Ad avvalorare il fatto che gli immigrati possano essere percepiti come una minaccia nella competizione lavorativa è il livello di soddisfazione in relazione alla retribuzione in rapporto al costo della vita , rilevato dalla domanda numero 25. Su 93 risposte valide su 98, in 36 si dichiarano abbastanza o molto soddisfatti: di questi, la maggiornaza è straniera (31), mentre in 57 dichiarano <<per niente>> (29) o <<poco>> soddisfatti (29). Tra gli insoddisfatti (che comunque sono la maggioranza del campione), sono di più gli italiani, mentre gli immigrati prevalgono tra coloro che, tutto sommato, pensano che il salario retribuito sia adeguato al costo della vita.

Alla domanda se gli immigrati rubino o meno il lavoro agli italiani, hanno risposto sia italiani che stranieri. Tuttavia è utile prendere in considerazione solo le risposte degli italiani, dato che solo un immigrato risponde <<molto>>. Sui 42 italiani esaminati in 13 ritengono la manodopera straniera rubi <<molto>> (4) o <<abbastanza>> (9) il lavoro: prevale quindi un parere non ostile sulla questione. Il dato positivo, è in linea con quanto emerso anche dalle precedenti due ricerche presentate nel lavoro del Tassinari. Un altro punto di convergenza coi dati emersi nella prima parte del libro, e la percezione del legame tra criminalità e immigrazione. Trenta intervistati su 95, dichiarano che i due fenomeni siano <<molto>> (10) o <<abbastanza>> (20) correlati. Per gli italiani i valori sono più alti e in totale rappresentano il 44,6%, mentre gli stranieri il 17,6%. Coloro che dichiarano che non ci sia alcuna correlazione sono 24 in totale, mentre in 21 ritengono che ci sia un legame, ma molto limitato.

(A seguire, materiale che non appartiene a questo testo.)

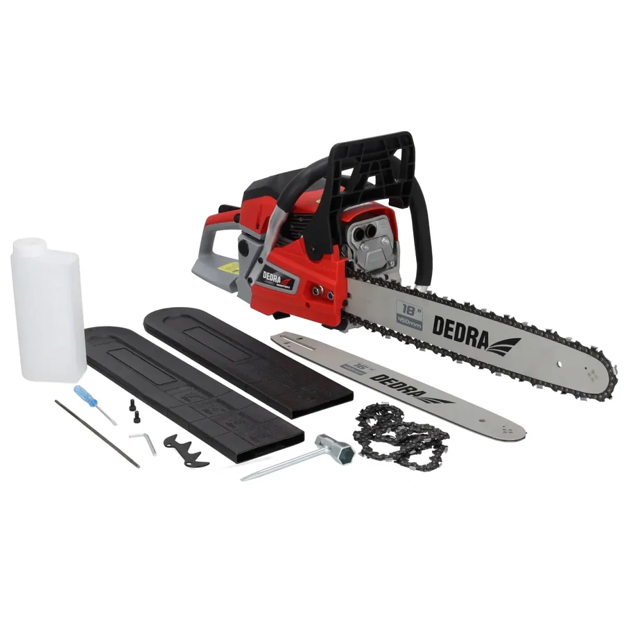 A DEDRA DED8718P2 benzinmotoros láncfűrész egy masszív és hatékony eszköz, amely kiválóan teljesít mind professzionális felhasználásra, mind háztartási munkákhoz.

Ritornando al tema della soddisfazione lavorativa, la maggioranza si ritiene <<abbastanza>> o <<molto>> soddisfatta ed in totale sono 65 impiegati a rispondere così. All‟interno di questi, 28 sono italiani e 37 stranieri, mentre tra gli insoddisfati (complessivamente 29) prevalgono gli italiani, che ammontano a 15.

Due terzi degli intervistati ritiene utile partecipare a corsi di formazione e spacializzazione per migliorare la proprie opportunità. Sui 64 che condividono questa affermazione 34 sono stranieri e 30 italiani, mentre coloro che non sono <<per niente>> o <<poco>> d‟accordo sono 30, e gli stranieri sono in lieve maggiornaza (16). Gli stranieri sembrano inoltre più ottimisti degli italiani rispetto ad un miglioramento della propria condizione lavorativa. Infatti coloro che rispondono <<sì>> sono 23 e <<non so>> 14. Invece gli italiani prevalgono tra i <<no>> e sono 15 su un totale di 28. Tuttavia la possibilità di ascesa è condivisa dalla maggiornaza del campione: 65 <<sì>> e <<non so>> rispetto ai 28 <<no>> totali. Il miglioramento è però previsto sempre nell‟ambito dell‟impiego attuale da dipendente, in pochi prevedono un‟avanzamento in verticale, magari come lavoratore autonomo: solo sei e nessuno italiano è tra questi. Ma gli stranieri sono anche in maggiornaza nel ritenere che non non ci sarà una progressione di carriera e sono 34 su 46.

Le ultime due domade dovevano essere compilate solo dagli stranieri e dagli immigrati di altre regioni e chiedevano se ci fosse o meno l‟intenzione di rimanere prima nel nostro Paese e, se sì, in Toscana. Tutti, tranne uno, hanno volontà di rimanere in Italia e 44 di questi nelle nostra regione.

Il desiderio di continuare a soggiornare in Toscana sembra confermare l‟elevato indice di attrattività riportato anche nell‟ultimo rapporto CNEL presentato nel capitolo precedente.